> _Exercise goal_:
Nothing after the line with "Для индейского колорита" belongs in the copy; extract the lines below from the top through that line, pictures left out.

━━━ Provided material

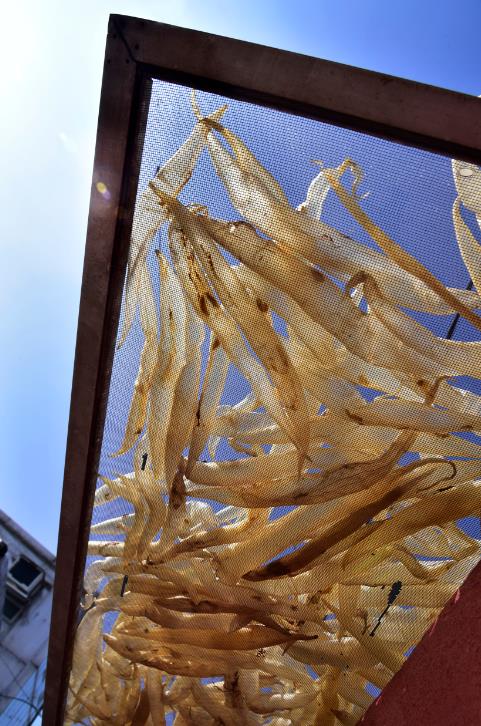漁民婦女在路邊起爐爆炒魚(yú)肚。
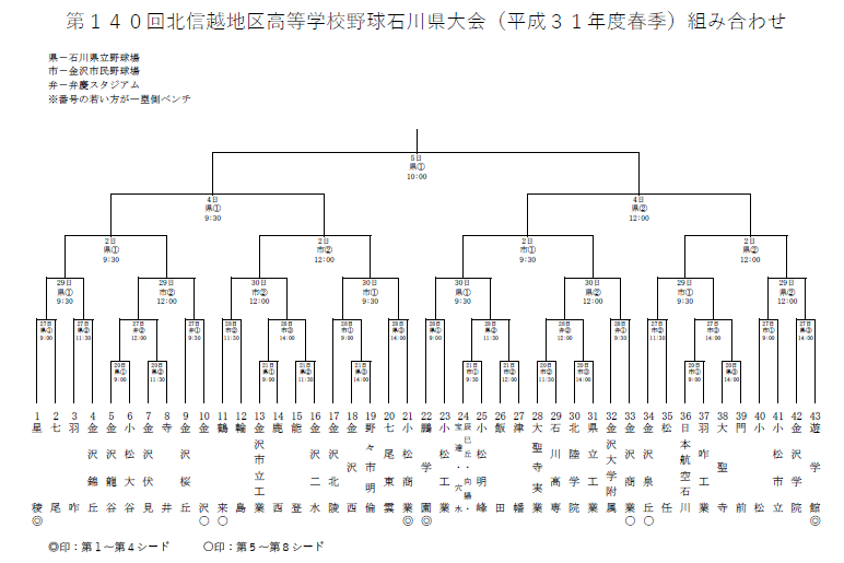 今シーズン最初の大会である、第140回北信越高等学校野球石川大会の組み合わせ抽選が行われました。
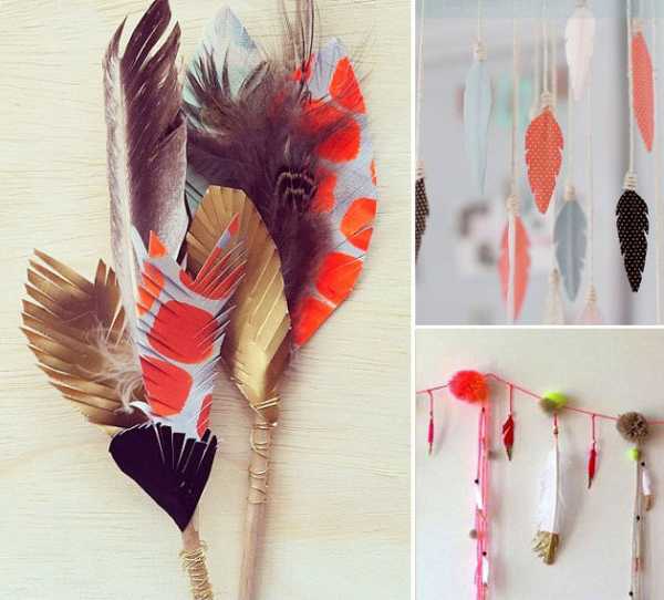 Для индейского колорита можно изготовить вигвамы, тотемы и украсить стены красивыми гирляндами из перьев. Перья могут быть не настоящими, а раскрашенными и вырезанными из бумаги.
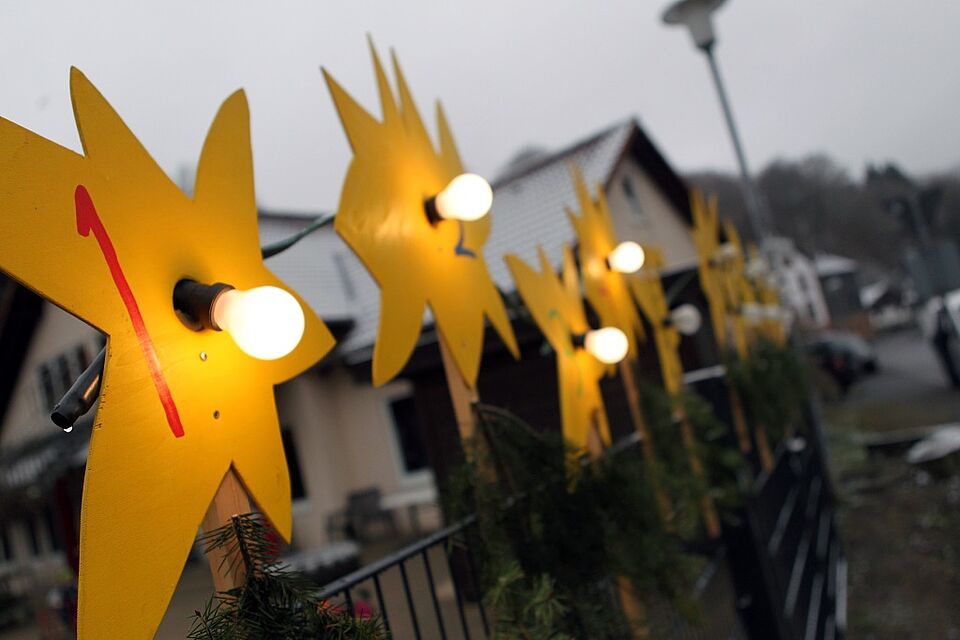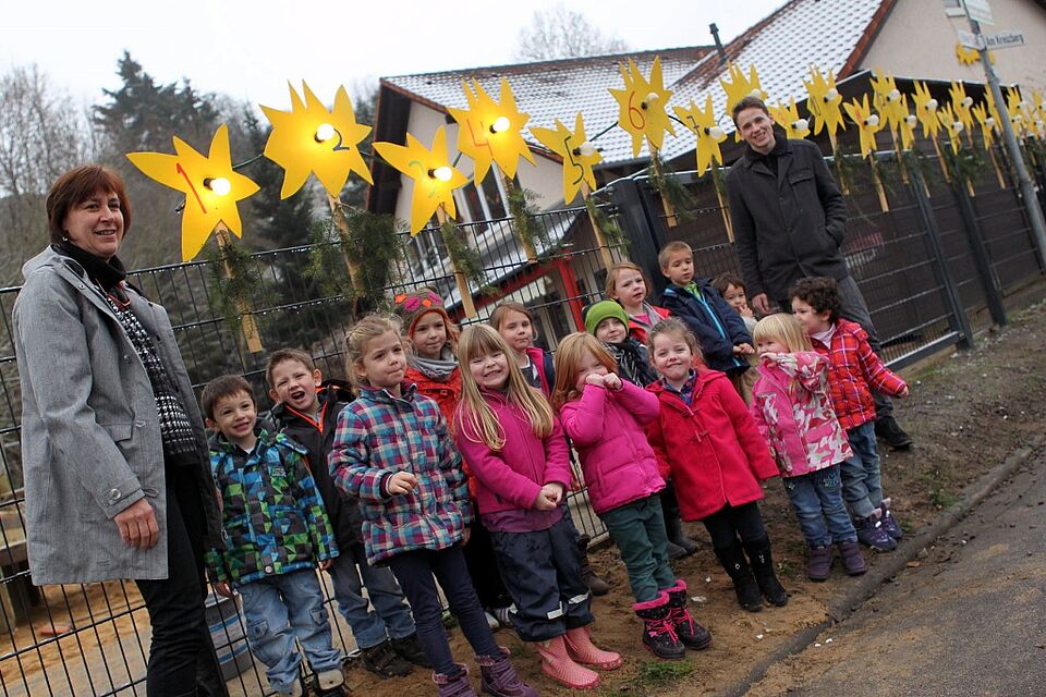Die 40 Kinder im Alter von zwei bis sechs Jahren jedenfalls freuen sich riesig und erleuchten jeden Tag bis zum Heiligen Abend den selbst gebastelten Adventskalender. Die 24. Birne hängt unterm Dachgiebel und ist für alle schon von weitem sichtbar. Wollgarten weiß, dass sich auch die Autofahrer und Passanten über das helle Leuchten am Fuße des Kreuzberges erfreuen.

━━━━━━

> _Problem solution_:
漁民婦女在路邊起爐爆炒魚(yú)肚。
 今シーズン最初の大会である、第140回北信越高等学校野球石川大会の組み合わせ抽選が行われました。
 Для индейского колорита можно изготовить вигвамы, тотемы и украсить стены красивыми гирляндами из перьев. Перья могут быть не настоящими, а раскрашенными и вырезанными из бумаги.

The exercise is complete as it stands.